Его круги под глазами становились темнее, а кожа на теле прозрачнее.
– Когда тебя лишают тела, молодости, возможностей, дружбы, любви , справедливости, понимания, тогда ничего не остаётся, кроме как черпать счастье и надежду из Бога. Ты просто начинаешь верить и всё. Насрать, что ты обманываешь самого себя. Насрать, что Бога то, может, и нет. И вообще ничего нет. Насрать, потому что, когда ты исчезнешь и исчезнет всё, что ты любил, уже точно будет абсолютно ничто не важно.
– И ты счастлив?
– Да. Я нашел свой путь. Банальный, самый используемый. Знаешь, ещё по какой причине я верю, что Бог есть?
– Почему?
– Чтобы при встрече плюнуть ему в лицо. И заставить перед людьми извиниться.
Назар усмехнулся:
– Думаешь, он это сделает? Ему либо всё равно, либо мы для него в роли игрушек на детской песочнице.
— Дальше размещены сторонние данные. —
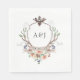 serviettes mariages avec une crête à thème boisé fleurie personnalisable avec les initiales du couple.
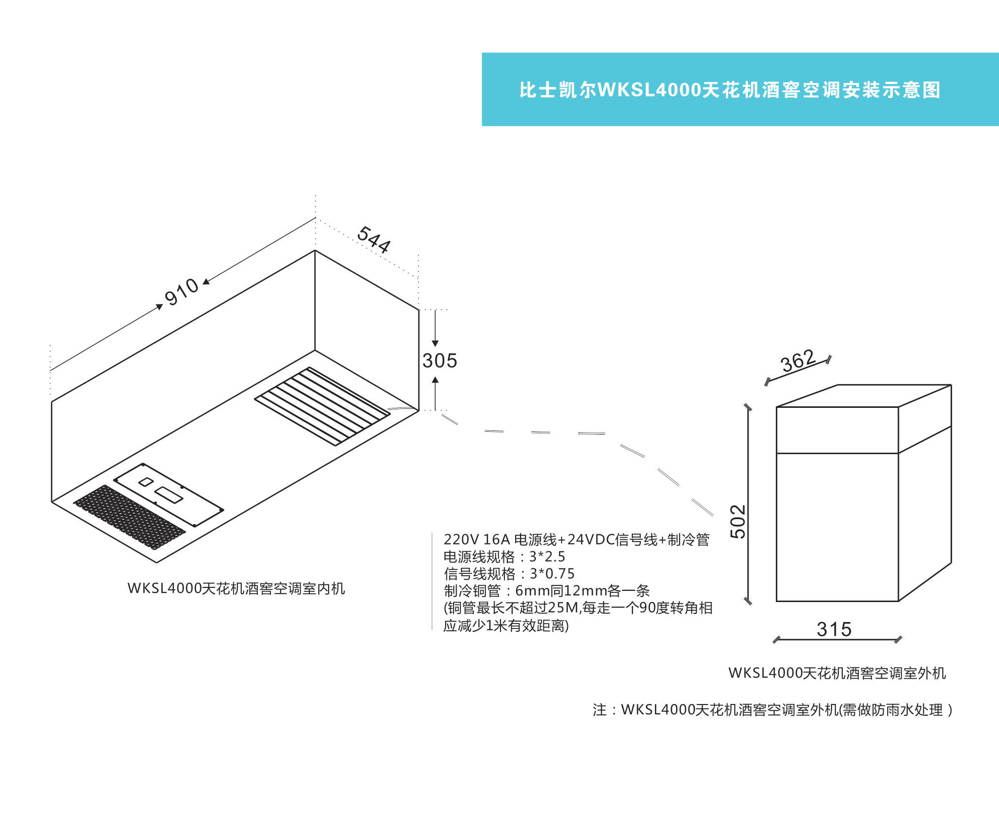 WKSL8000吊頂式天花機酒窖空調安裝示意圖
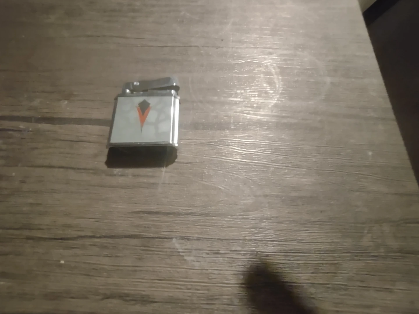 A vintage lighter with a distinctive red and orange emblem on the front. It appears to be made of metal. This lighter is a unique collectible item.
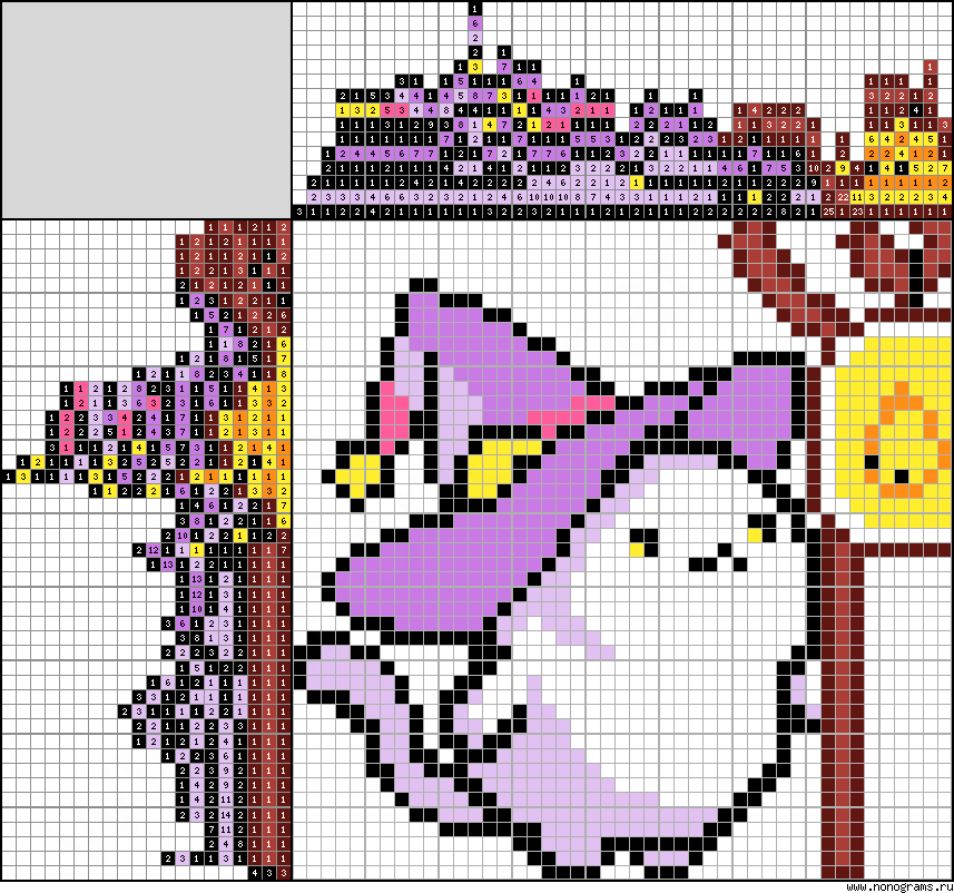 ответитьЕсли бы в названии не был указан кот, то я бы его не распознал. Фиолетовой может быть любая сказочная скотина, лишь бы рогов не было.
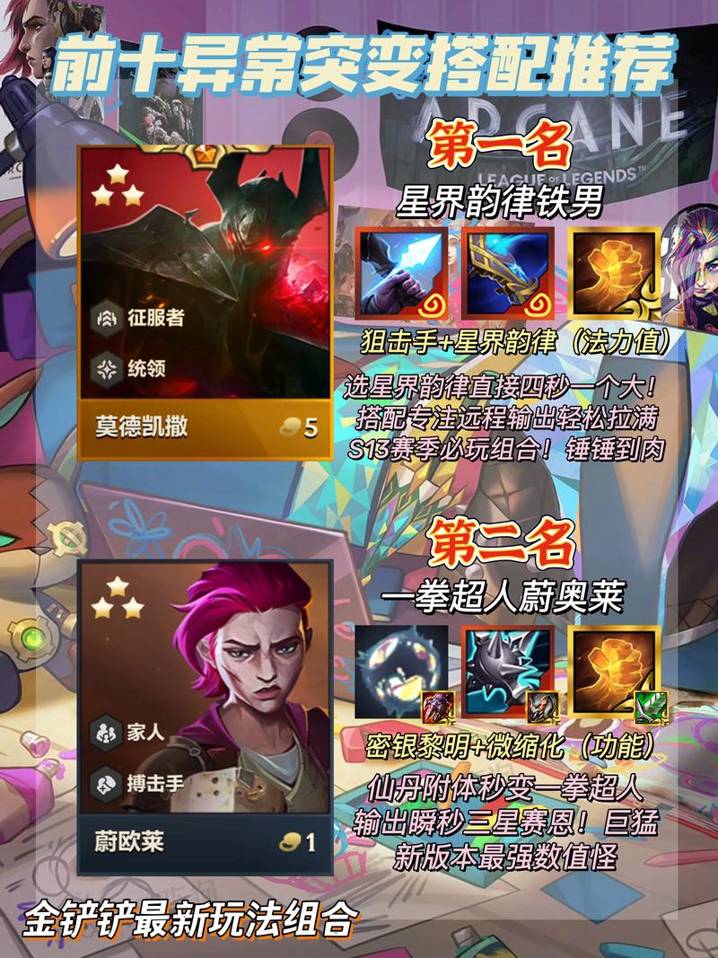 金铲铲之战S13爆发先知阵容的搭配方法如下:阵容组成- 核心英雄:大头(赫卡里姆)、蜘蛛(莉莉娅)、芮尔、乌鸦(卡尔萨斯)、努努、蚂蚱(塔莉垭)、妖姬(瑞兹)、烈娜塔、莫甘娜。羁绊组成- 6先知:核心羁绊,提供额外的法术强度和爆发输出能力。- 3黑色玫瑰:提供强力的攻击加成和额外的破坏力。
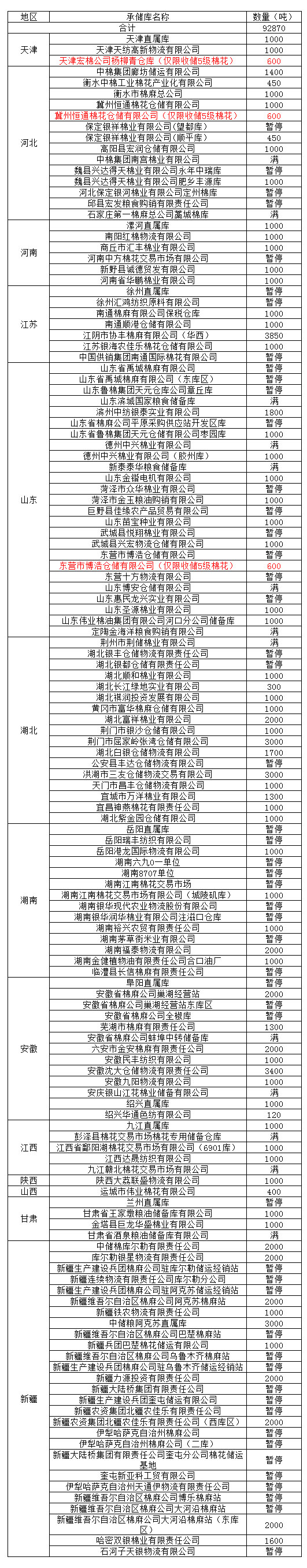 定于3月7日在以下指定倉庫收儲(chǔ)2012年度棉花92870噸。哈密雙銀棉業(yè)有限責(zé)任公司僅限東疆棉花企業(yè)競拍,新疆維吾爾自治區(qū)棉麻公司博樂棉麻站僅限于博樂地區(qū)棉花企業(yè)競拍,以上庫點(diǎn)其他地區(qū)企業(yè)競拍將按違約處理。
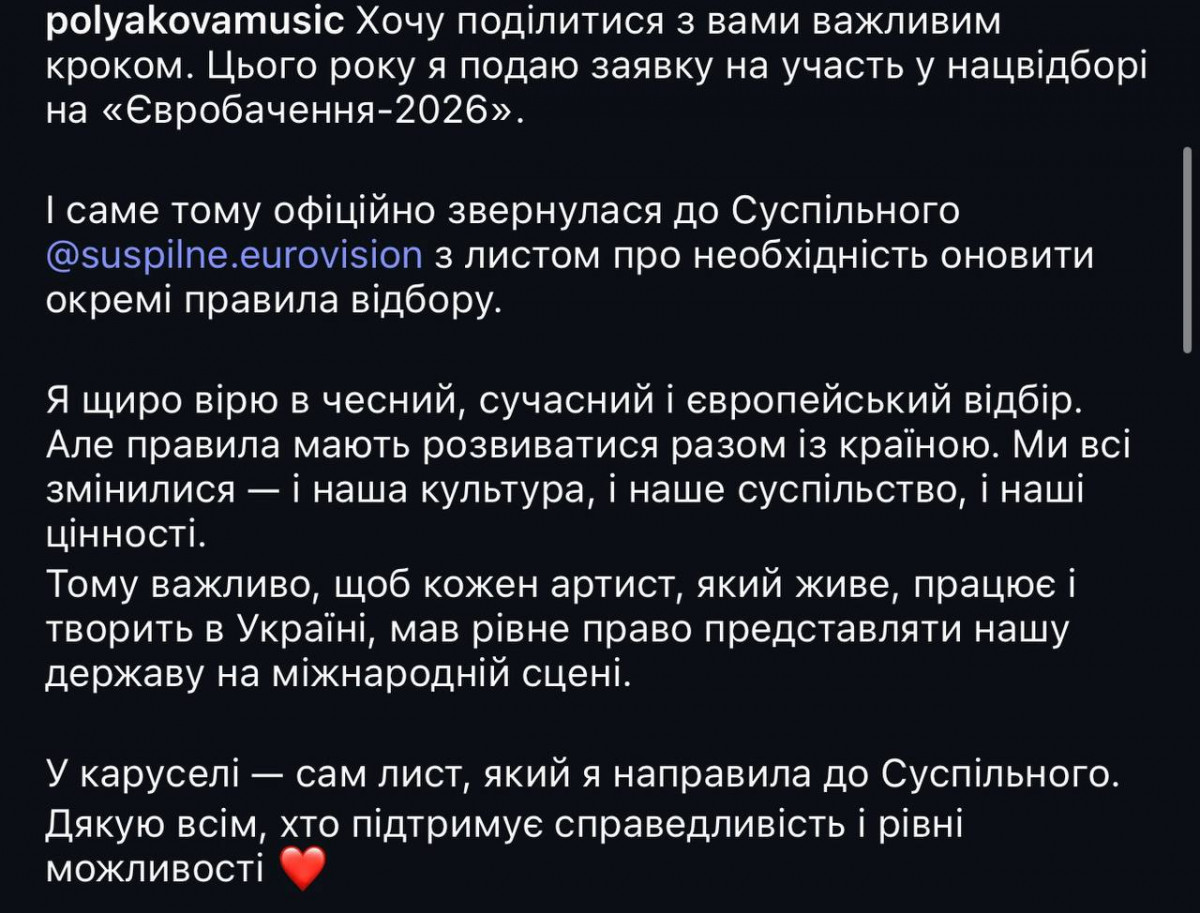 Напередодні в інсті співачки з'являється загадковий допис. У ньому вона оголошує, що цьогоріч подає заявку на участь у нацвідборі на «Євробачення-2026». Але не все так просто, бо для цього потрібно змінити правила. І вона звертається до Суспільного з проханням це зробити. Мовляв, минуло багато часу.
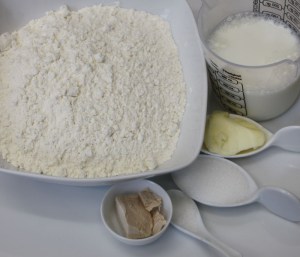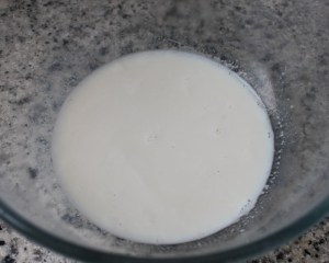 Hervir la leche y enfriar hasta los 40º, que esté tibia. Pasar a un bol y añadir la levadura y el azúcar. Dejar reposar 15 minutos para que la levadura se active.
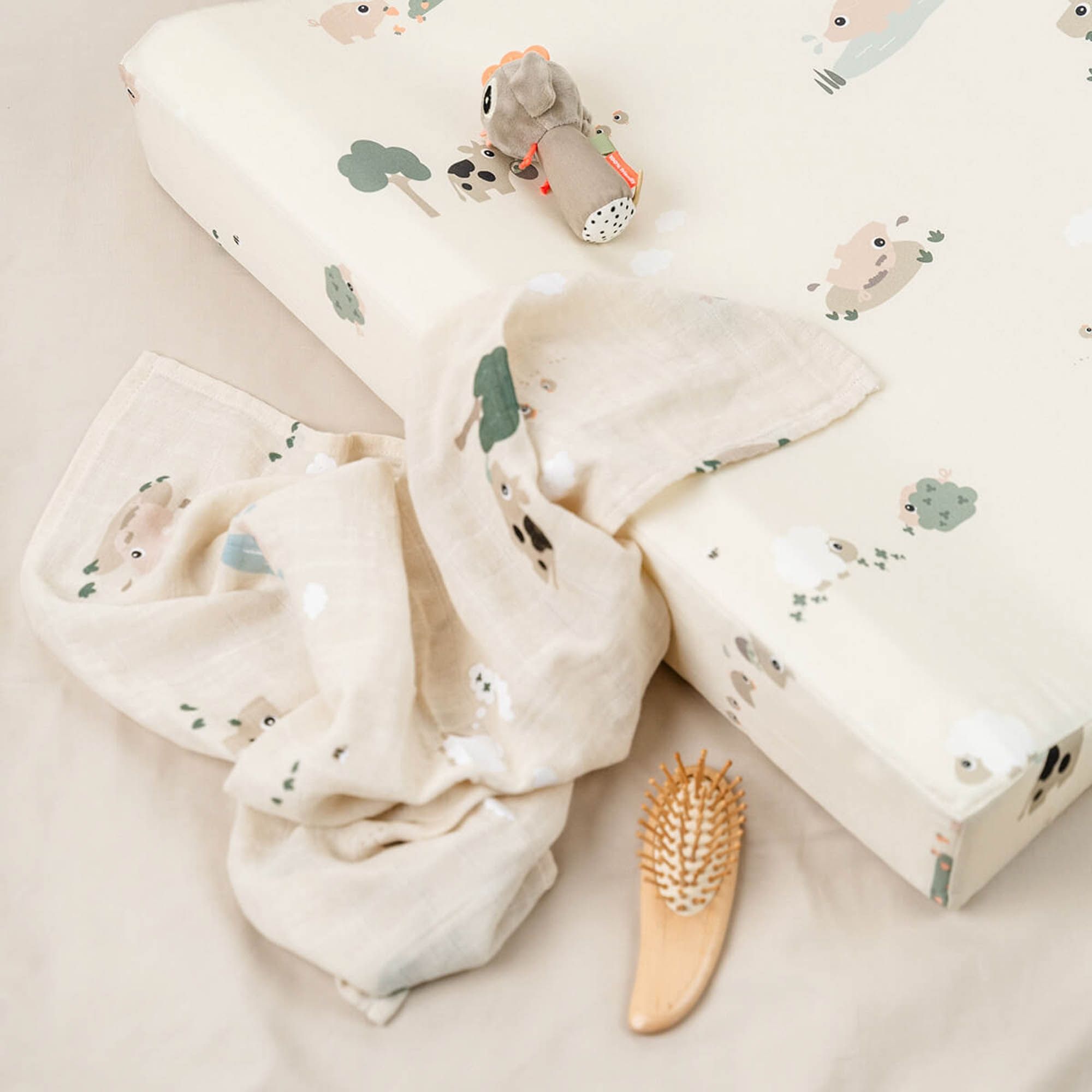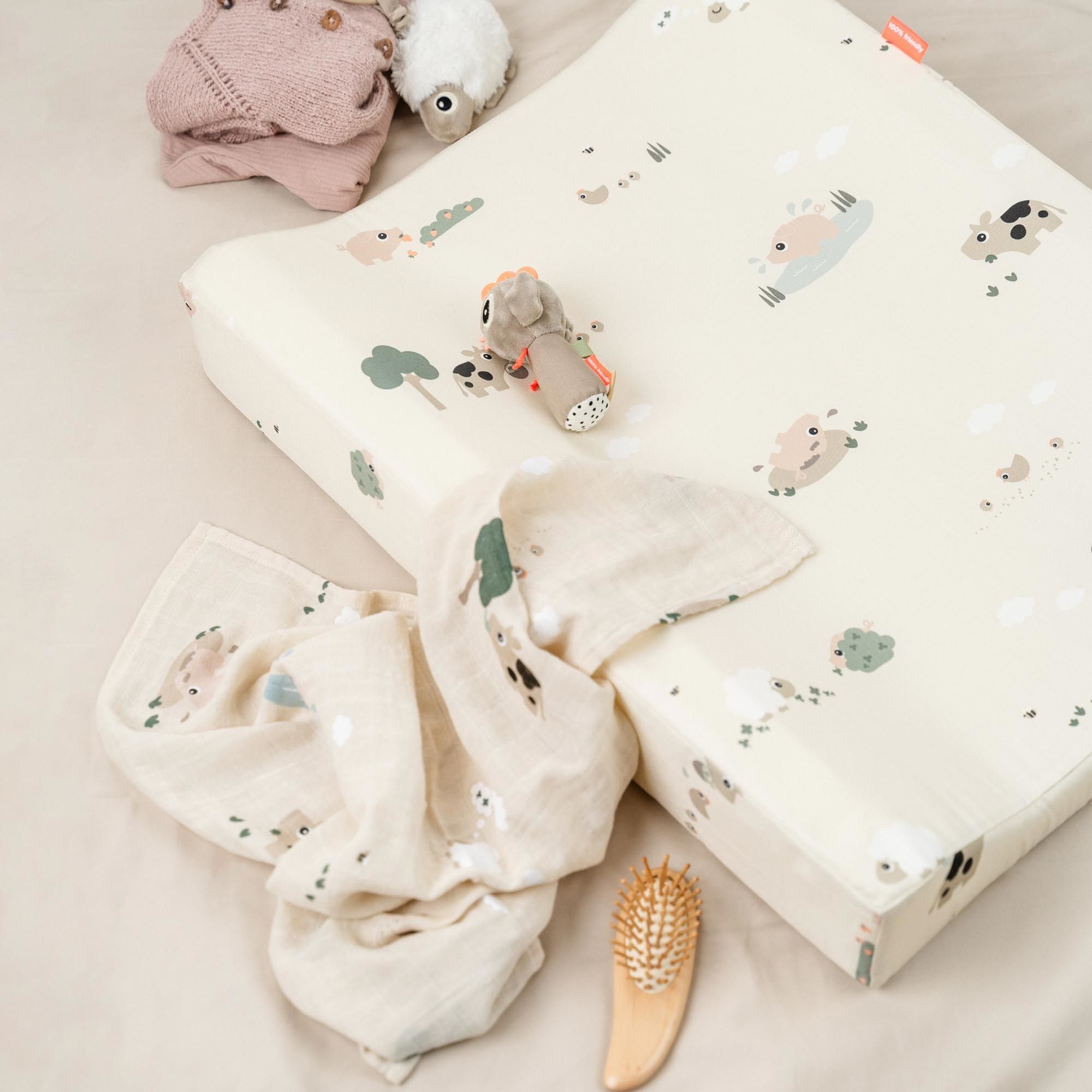 Gør pusletiden både tryg og behagelig med denne praktiske puslepude fra Done by Deer i det fine Tiny Farm design. Puslepuden måler 65x50 cm og er designet med fokus på både komfort, sikkerhed og funktionalitet.

– Думаю, если он хороший человек, как о нём все говорят, то он обязательно извинится.
– В том то и дело, – положив аккуратно руку Алексеевны на кровать, сказал Назар, – что он не человек.
– То, что каждый человек здесь переживает, ему в его радужных снах не приснится.
Тут неожиданно Маргарита Алексеевна начала петь. Сначала тихим хриплым голосом, а потом громче и чётче. Глаза глядели на мужчин, их не покидало опустошенное выражение. Назар забеспокоился, но Илья улыбнулся и шепотом произнёс:
– Она всегда начинает петь, когда начинаются сильные боли. Опухоль шевелится, а она поет ей назло. Так борется.